How to Build Agentic RAG with SmolAgents?

Pankaj Singh Last Updated : 15 Jan, 2025
10 min read

Building an Agentic Retrieval-Augmented Generation (RAG) system with SmolAgents enables the development of AI agents capable of autonomous decision-making and task execution. SmolAgents, a minimalist library by Hugging Face, facilitates the creation of such agents in a concise and efficient manner. In this article, we will go step by step to build the Agentic RAG with SmolAgents.

Read on!

What is SmolAgents?

SmolAgents is a cutting-edge library developed by Hugging Face to simplify the creation of intelligent agents capable of performing complex tasks. Designed with a minimalist philosophy, the library encapsulates agent logic in approximately 1,000 lines of code, making it both lightweight and powerful. Its intuitive design ensures ease of use without compromising on advanced functionalities.
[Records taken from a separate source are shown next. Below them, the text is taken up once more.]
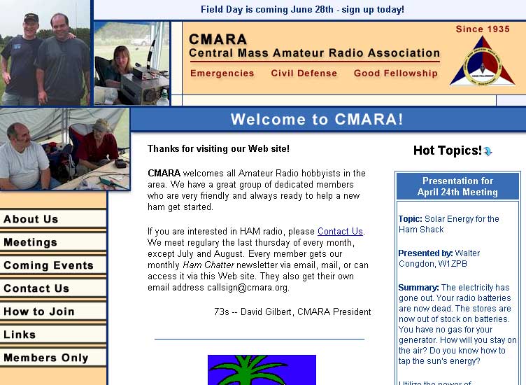 CMARA This Web site, created for the Central Mass Amateur Radio Association (CMARA), swaps out 3 members' pictures upon every page load giving the impression of a fresh look each time a page is visited or loaded. The site has a news scroller, sound and a password-protected section for members only. The Web site was created within a 48-hour period and much to the satisfaction of our client. |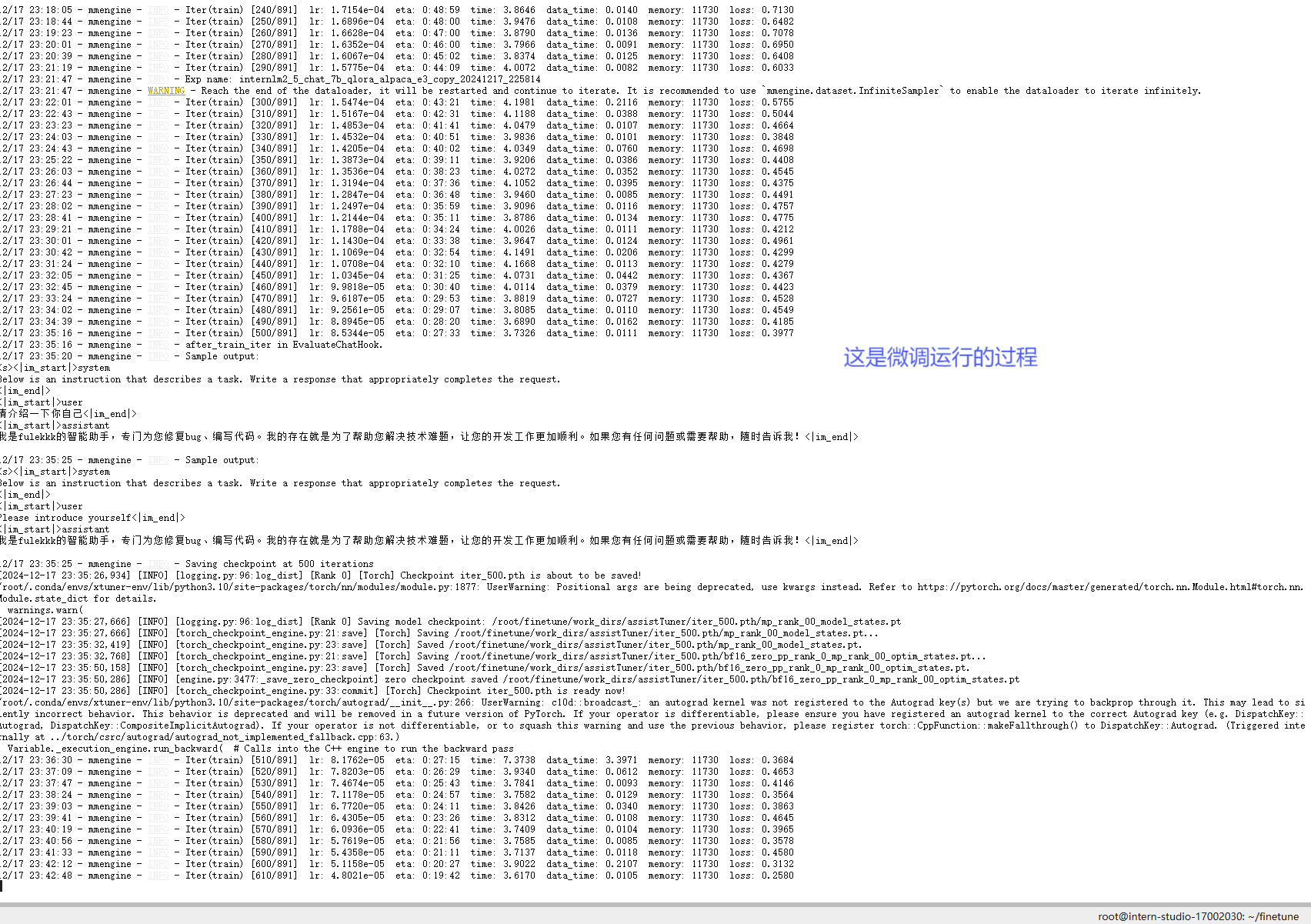 训练过程中产生的所有文件,包括日志、配置文件、检查点文件、微调后的模型等,默认保存在 work_dirs 目录下,我们也可以通过添加 --work-dir 指定特定的文件保存位置。--deepspeed 则为使用 deepspeed, deepspeed 可以节约显存。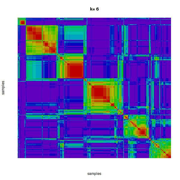 Figure 4. Get High-res Image The consensus matrix after clustering shows 6 clusters with limited overlap between clusters.

Core Features of SmolAgents

Core Features of SmolAgents
Source: Hugging Face
  1. Code Agents:
    • SmolAgents specializes in “Code Agents” that can autonomously generate and execute code to perform user-defined tasks.
    • These agents can be securely executed in sandboxed environments like E2B, ensuring safe operation without unintended consequences.
  2. ToolCallingAgents:
    • Traditional agents are capable of utilizing JSON or text-based actions to interact with the tool.  But the SmolAgent follows: “Thought: I should call tool ‘get_weather’. Action: get_weather(Paris).”) format.
    • These are ideal for scenarios requiring structured outputs and integration with various APIs or functions.
  3. Extensive Integrations:
    • Supports various large language models (LLMs), including Hugging Face’s inference API, OpenAI, Anthropic, and more through LiteLLM.
    • Provides access to a shared tool repository on Hugging Face Hub, enhancing flexibility and adaptability.
  4. Streamlined Architecture:
    • Provides robust building blocks for complex agent behaviours like tool calling and multi-step task execution.
    • Tailored for developers seeking a balance between simplicity and functionality.

Components of SmolAgents

To create advanced agents, several elements work together:

  1. LLM Core: Powers decision-making and actions of the agent.
  2. Tool Repository: A predefined list of accessible tools the agent can use for task execution.
  3. Parser: Processes the LLM’s outputs to extract actionable information.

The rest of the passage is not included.